I wish Java had a proper compiler.

pron 5 hours ago
You mostly need a recent JDK. Leyden has already cut down warmup by a lot and is expected to continue driving it down.

https://foojay.io/today/how-is-leyden-improving-java-perform...

https://quarkus.io/blog/leyden-1/

looperhacks 5 hours ago
You can create a native executable with GraalVM. Alternatively, if you want to keep the JVM: With the ongoing project Leyden, you can already "pre-train" some parts of the JVM warm-up, with full AoT code compilation coming some time in the future.
Thaxll 4 hours ago
GraalVM has a lot of limitations, some popular lib don't work with it. From what I remember anything using reflection is painful to use.
senkora 5 hours ago
And going the other direction, if you want your C++ binaries to benefit from statistics about how to optimize the steady-state behavior of a long-running process, the analogous technique is profile-guided optimization (PGO).
vbezhenar 4 hours ago
GraalVM is terrible.

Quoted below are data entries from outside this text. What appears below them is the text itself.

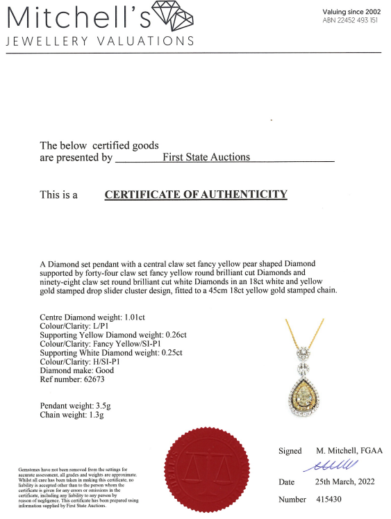 1.52ct Yellow & white Diamond Pendant | First State Auctions
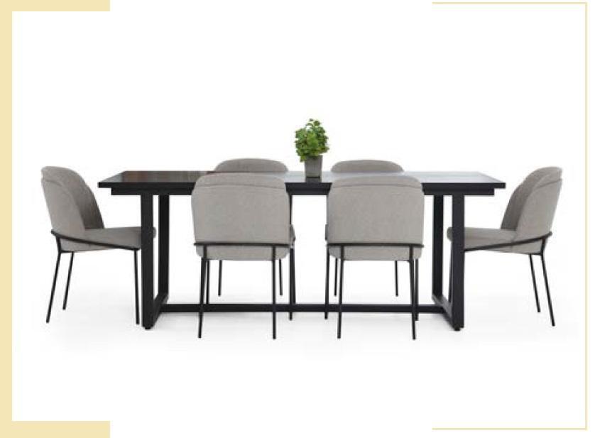 Este conjunto de comedor es ideal para reunir a familiares y amigos en celebraciones o comidas cotidianas, brindando un lugar cómodo y acogedor para disfrutar de deliciosas comidas. La mesa de madera sólida y las sillas tapizadas en tela ofrecen durabilidad y confort, asegurando que cada encuentro sea una experiencia placentera. Además, el juego incluye seis piezas, lo que lo convierte en la opción perfecta para hogares que buscan un conjunto completo y coordinado para su comedor. Atrévete a transformar tu espacio con este conjunto de comedor de alta calidad.
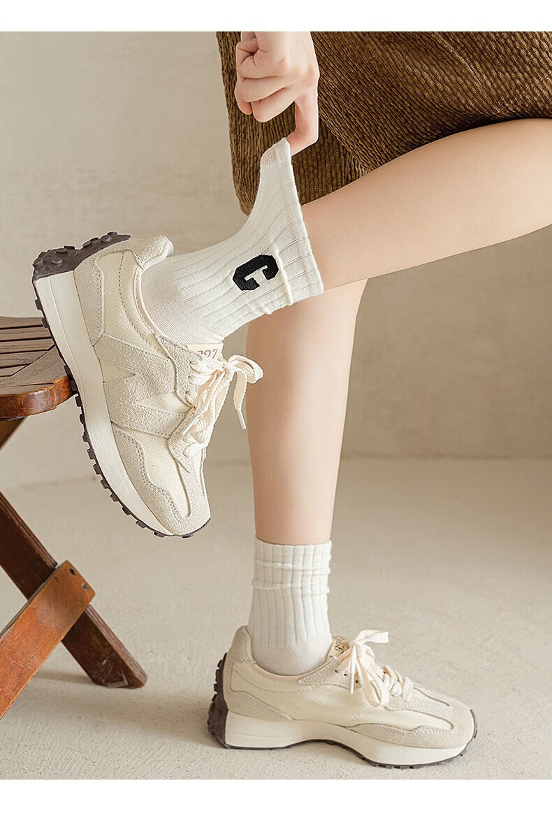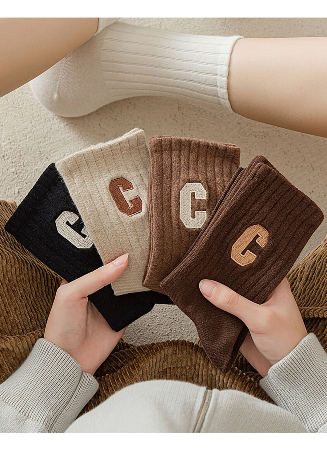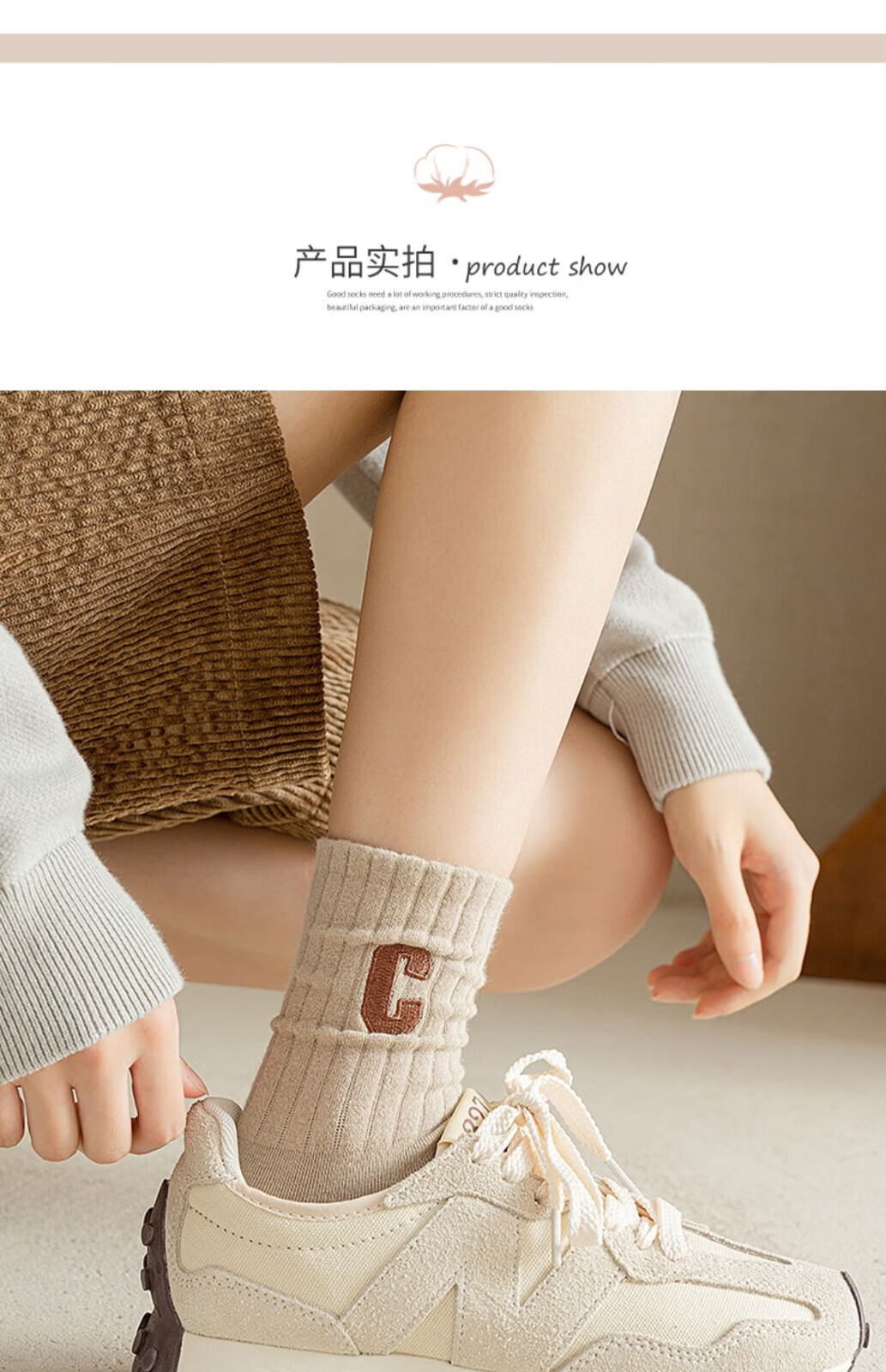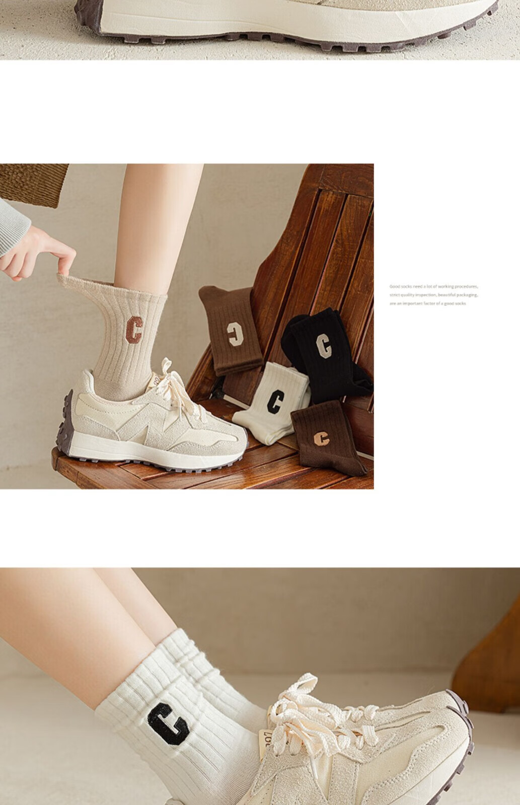 雅鹿女士中筒袜百搭简约春秋薄款韩版时尚长袜学生少女生休闲大C袜子 颜色混搭 5双 均码

Eats gigabytes of memory to compile super simple application. Spends minutes doing that. If you need compiled native app, just use Golang.
brabel 3 hours ago
I used to be really excited about GraalVM but this, together with limitations in what Java code can run (reflection must be whitelisted - i.e. pain) made me run away from it. I do use Go, but my favourite substitute for Java is actually Dart. It can run as a script, compile to a binary or to a multiplatform "fast" format (a bit like a jar), and performance wise it's par on par with Java! It's faster on some things, a bit slower on other... but in general, compiling to exe makes it extremely fast to start, like Go. I think it even shares some Go binary creation tooling since both are made by Google and I remember when they were implementing the native compiler, they mentioned something about that.
hrmtst93837 1 hour ago
Gaming the JIT just to get startup times in line is a decent sign that Java's "fast" comes with invisible asterisks all over prod graphs. At some point you're managing the runtime, not the app.

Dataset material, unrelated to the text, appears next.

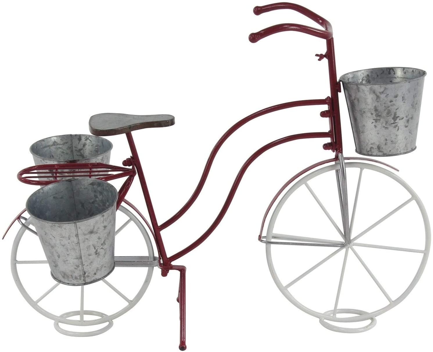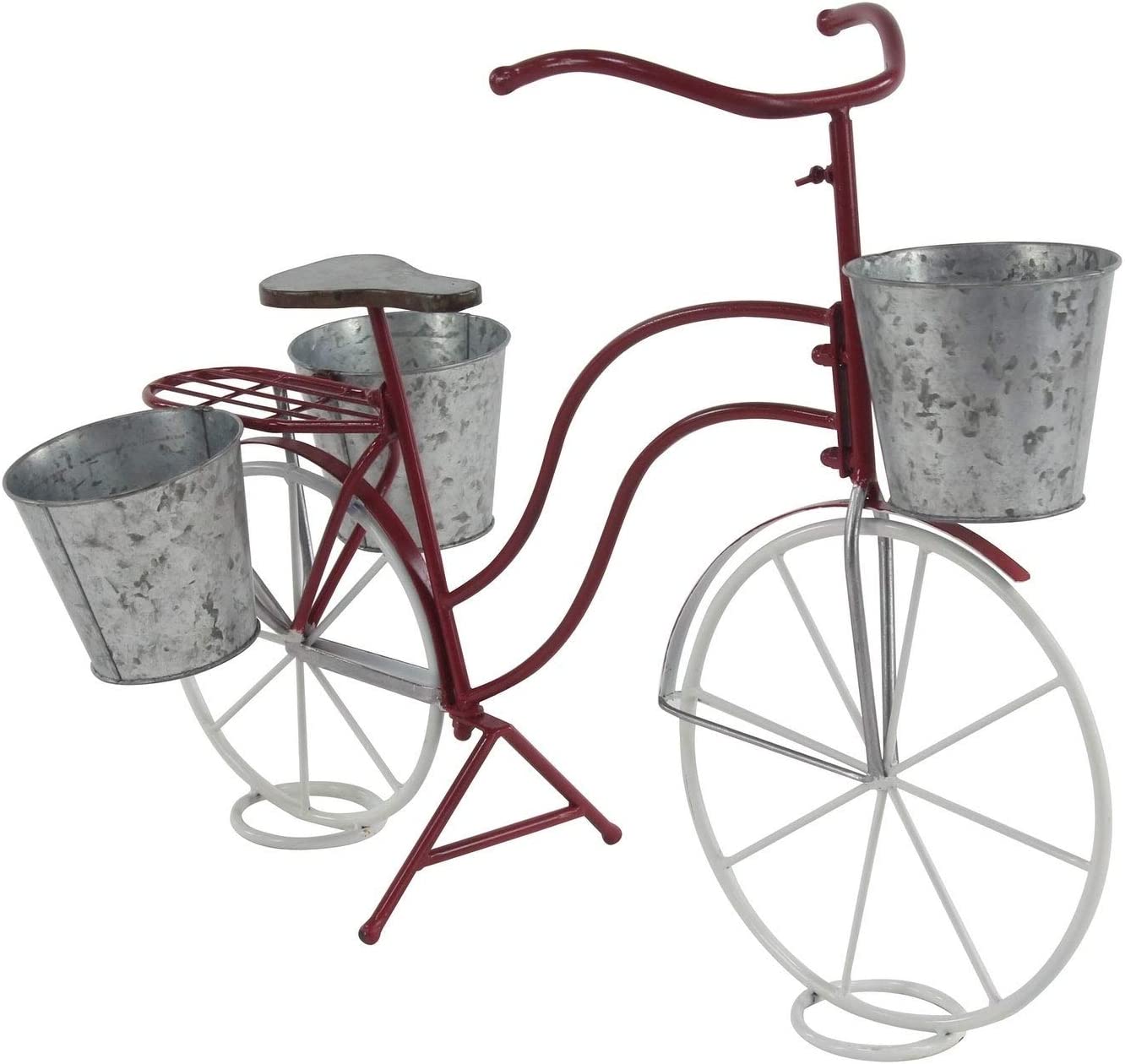 Eclectic 22 Inch Red White Bicycle Plant Stand Grey Bohemian

AOT options like GraalVM Native Image can help cold starts a lot, but then half your favorite frameworks breaks and you trade one set of hoops for another. Pick which pain you want.

titzer 5 hours ago
I worked on JVMs long ago (almost twenty years now). At that time most Java usage was for long-running servers. The runtime team staunchly refused to implement AOT caching for as long as possible. This was a huge missed opportunity for Java, as client startup time has always, always, always sucked. Only in the past 3-5 years does it seem like things have started to shift, in part due to the push for Graal native image.

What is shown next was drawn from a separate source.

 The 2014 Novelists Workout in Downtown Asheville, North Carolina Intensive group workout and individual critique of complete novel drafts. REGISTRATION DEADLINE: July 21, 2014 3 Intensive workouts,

I long ago concluded that Java was not a client or systems programming language because of the implementation priorities of the JVM maintainers. Note that I say priorities--they are extremely bright and capable engineers that focus on different use cases, and there isn't much money to be made from a client ecosystem.

bob1029 5 hours ago
AOT is nice for startup time, but there are tradeoffs in the other direction for long tail performance issues in production.

There are JITs that use dynamic profile guided optimization which can adjust the emitted binary at runtime to adapt to the real world workload. You do not need to have a profile ahead of time like with ordinary PGO. Java doesn't have this yet (afaik), but .NET does and it's a huge deal for things like large scale web applications.

https://devblogs.microsoft.com/dotnet/bing-on-dotnet-8-the-i...

taeric 5 hours ago
I challenge the idea that first request latency is bottle necked by language choice. I can see how that is plausible, mind. Is it a concern for the vast majority of developers?
pjmlp 5 hours ago
Excelsior JET, now gone, but only because GraalVM and OpenJ9 exist now.

The folks on embedded get to play with PTC and Aicas.

Android, even if not proper Java, has dex2oat.

a-dub 6 hours ago
i'd be curious about a head to head comparison of how much the c2 actually buys over a static aot compilation with something serious like llvm.

if it is valuable, i'd be surprised you can't freeze/resume the state and use it for instantaneous workload optimized startup.

bombcar 6 hours ago
Do none of the JVMs do that? GraalVM?
pjmlp 5 hours ago
They do, to add to another comment of mine elsewhere, JIT caches go all the way back to products like JRockit, and IBM JVM has and it for years in Maestro, now available as OpenJ9.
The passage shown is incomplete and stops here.